Below this line are records; transcribe exactly the lines between the one holding "2 表单:简道云的表单分普通" and the one holding "The iconic Speedcat", inclusive, and omit the pictures.
START MATERIAL TO PROCESS
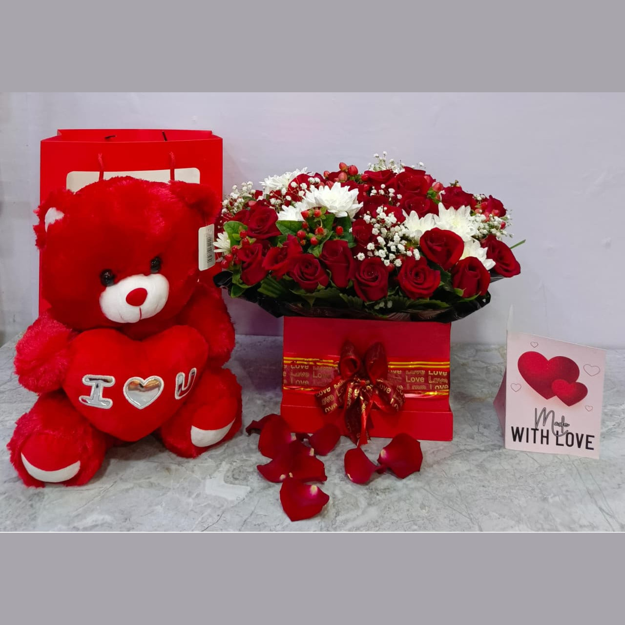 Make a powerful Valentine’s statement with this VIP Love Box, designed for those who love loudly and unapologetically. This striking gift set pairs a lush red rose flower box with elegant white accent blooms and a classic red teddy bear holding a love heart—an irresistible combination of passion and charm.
END MATERIAL TO PROCESS
START MATERIAL TO PROCESS
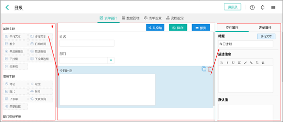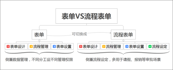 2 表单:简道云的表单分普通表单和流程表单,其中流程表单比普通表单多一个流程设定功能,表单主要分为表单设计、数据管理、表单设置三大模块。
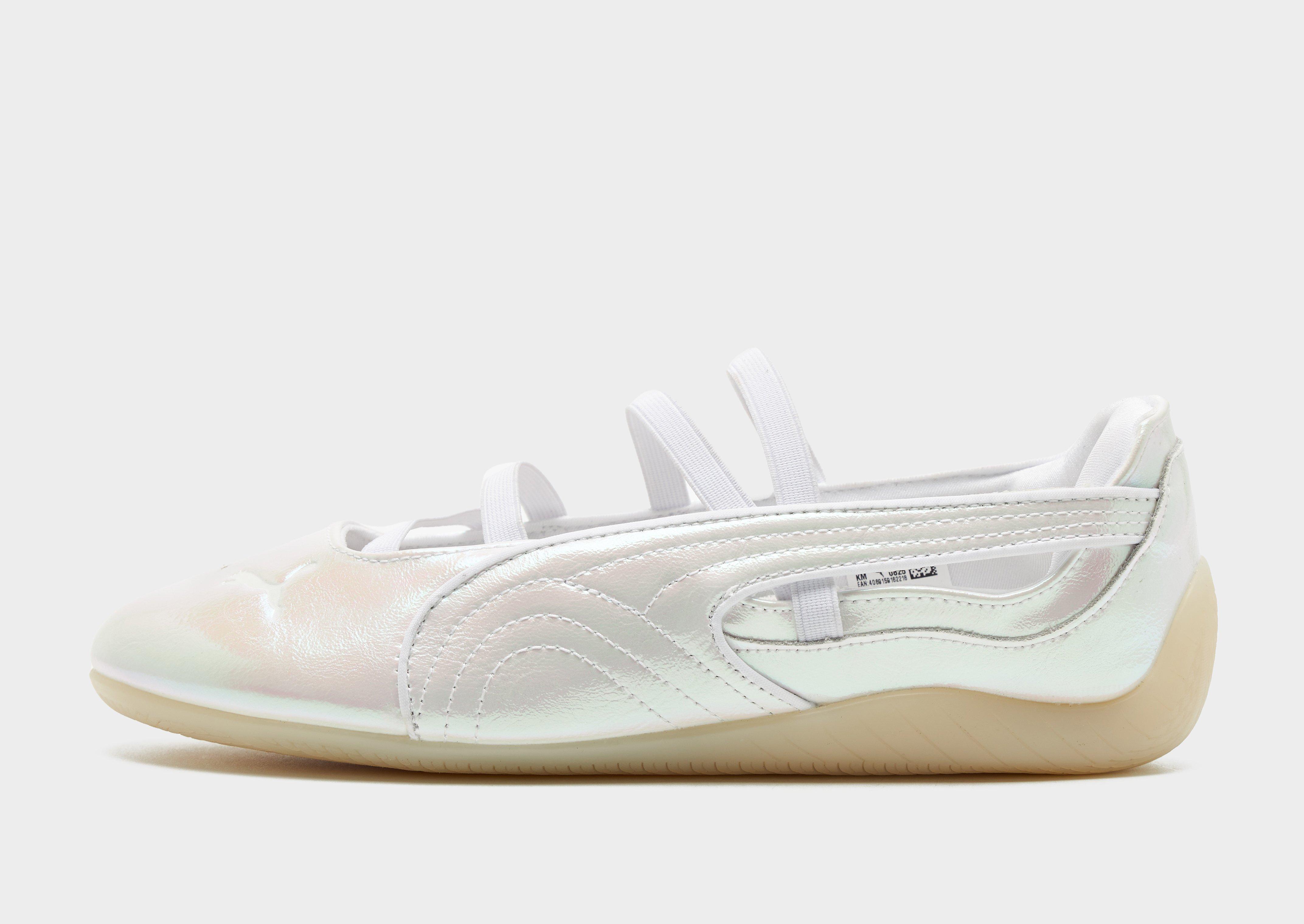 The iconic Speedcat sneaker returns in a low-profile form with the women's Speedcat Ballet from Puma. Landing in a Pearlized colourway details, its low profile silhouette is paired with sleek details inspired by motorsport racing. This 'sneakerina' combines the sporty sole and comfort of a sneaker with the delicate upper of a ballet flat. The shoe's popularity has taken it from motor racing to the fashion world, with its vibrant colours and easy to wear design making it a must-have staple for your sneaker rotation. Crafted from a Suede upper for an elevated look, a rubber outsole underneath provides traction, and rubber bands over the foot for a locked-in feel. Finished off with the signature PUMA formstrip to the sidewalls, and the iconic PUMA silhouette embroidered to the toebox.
END MATERIAL TO PROCESS
START MATERIAL TO PROCESS
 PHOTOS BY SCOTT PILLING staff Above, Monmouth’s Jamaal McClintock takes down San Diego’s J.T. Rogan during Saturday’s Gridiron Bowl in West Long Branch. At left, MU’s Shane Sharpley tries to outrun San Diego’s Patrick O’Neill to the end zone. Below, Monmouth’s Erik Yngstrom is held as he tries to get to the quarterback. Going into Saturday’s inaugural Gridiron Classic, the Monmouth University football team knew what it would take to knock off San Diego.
END MATERIAL TO PROCESS
▶ **RESPONSE FOR THIS EXERCISE**
 2 表单:简道云的表单分普通表单和流程表单,其中流程表单比普通表单多一个流程设定功能,表单主要分为表单设计、数据管理、表单设置三大模块。
 The iconic Speedcat sneaker returns in a low-profile form with the women's Speedcat Ballet from Puma. Landing in a Pearlized colourway details, its low profile silhouette is paired with sleek details inspired by motorsport racing. This 'sneakerina' combines the sporty sole and comfort of a sneaker with the delicate upper of a ballet flat. The shoe's popularity has taken it from motor racing to the fashion world, with its vibrant colours and easy to wear design making it a must-have staple for your sneaker rotation. Crafted from a Suede upper for an elevated look, a rubber outsole underneath provides traction, and rubber bands over the foot for a locked-in feel. Finished off with the signature PUMA formstrip to the sidewalls, and the iconic PUMA silhouette embroidered to the toebox.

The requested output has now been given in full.